Underlying operating profit saw organic growth of 12.8%, to £707mn. Operational efficiencies and higher prices helped drive improved profitability, with the associated margin rising 2.2 percentage points to 24.2%.

Full-year guidance has been reiterated. Organic revenue growth of 4-6% is expected, with underlying operating profits to grow ahead of this rate.

The group completed around £315mn of share buybacks in the first quarter, with that total set to rise to £500mn in 2024.

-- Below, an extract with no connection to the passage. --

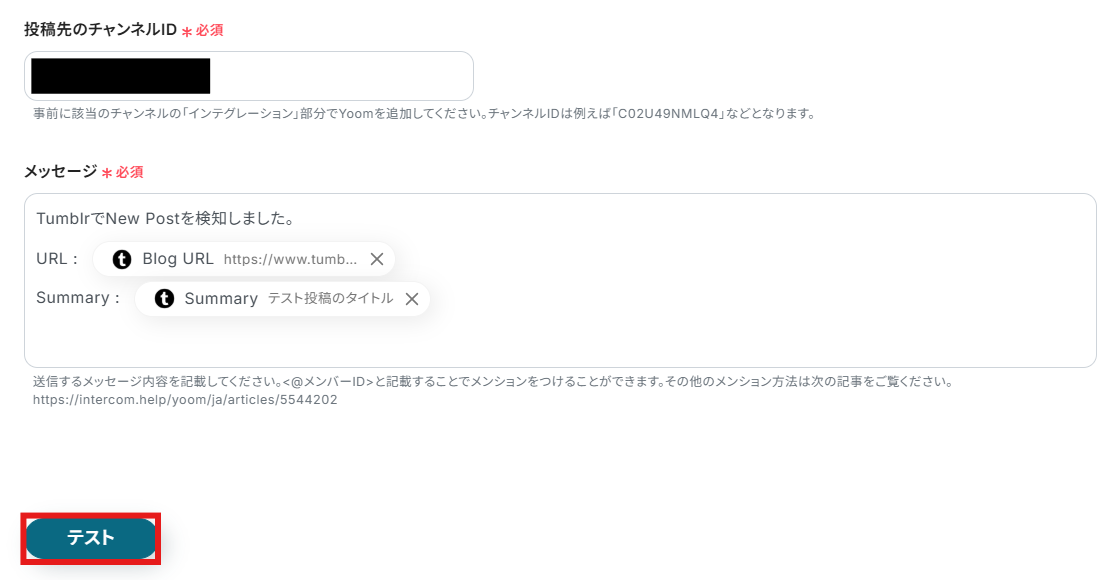 ・Tumblr、SlackのそれぞれとYoomを連携してください。

The shares fell 1.9% following the announcement.

Our view

Haleon’s first-quarter volume shortfall stemmed entirely from tough comparisons in North America, due to a strong cold & flu season and a national drug shortage in Canada last year. These factors aren’t expected to hurt second-quarter figures in the same way, so revenue growth looks set to return to a balance of both price and volume across the rest of 2024.

Weak volumes aside, there was plenty to like in the first-quarter update. Organic operating profit moved higher at double-digit rates, showcasing the pulling power of the brands in GSK's former consumer healthcare division. These include a number of household names such as Sensodyne toothpaste, Otrivin nasal spray, Panadol painkillers and Centrum multi-vitamins.

Going forward, we think those powerful brands will help Haleon increase prices without seeing volumes fall. Customers tend to happily stomach a higher price when it comes to medicine they trust.

But brand value doesn’t come cheap. So continued investment in innovation and marketing is in our view essential to maintain Haleon's leading brand positions, which may mean there's limited scope to cut costs beyond the £300mn of efficiencies already identified. And even some of the savings here are being reallocated elsewhere in the business, meaning there’s unlikely to be a huge improvement to margins.

We must caution that volumes could still start to dip if price hikes are taken too far, or the economic outlook deteriorates further. But so far, we're impressed with Haleon's delivery of new and improved products which we view as key to growing market share and maintaining brand loyalty.

Despite the headway being made on debt levels and shareholder distributions, the dividend is still lagging most of the peer group. A relatively strong outlook means we should see further progress towards its revised net debt to cash profit level of 2.5 times.

Offloading some of its brands is one lever the group is pulling on to get there. If attractive prices can be obtained, we’re not averse to the sale of a handful of non-core names. But pulling too hard on this lever could be at the expense of organic growth and margin expansion.

Strengthening the balance sheet should help free up some wiggle room to bridge the yield gap with its competitors. But with an earnings multiple towards the top of the pack there is certainly some expectation to deliver. Some pressure on the valuation is also possible if the company's major shareholders Pfizer and GSK decide to reduce their holdings further.

Haleon key facts

All ratios are sourced from Refinitiv, based on previous day’s closing values. Please remember yields are variable and not a reliable indicator of future income. Keep in mind key figures shouldn’t be looked at on their own – it’s important to understand the big picture.

This article is original Hargreaves Lansdown content, published by Hargreaves Lansdown. It was correct as at the date of publication, and our views may have changed since then. Unless otherwise stated estimates, including prospective yields, are a consensus of analyst forecasts provided by Refinitiv. These estimates are not a reliable indicator of future performance. Yields are variable and not guaranteed. Investments rise and fall in value so investors could make a loss.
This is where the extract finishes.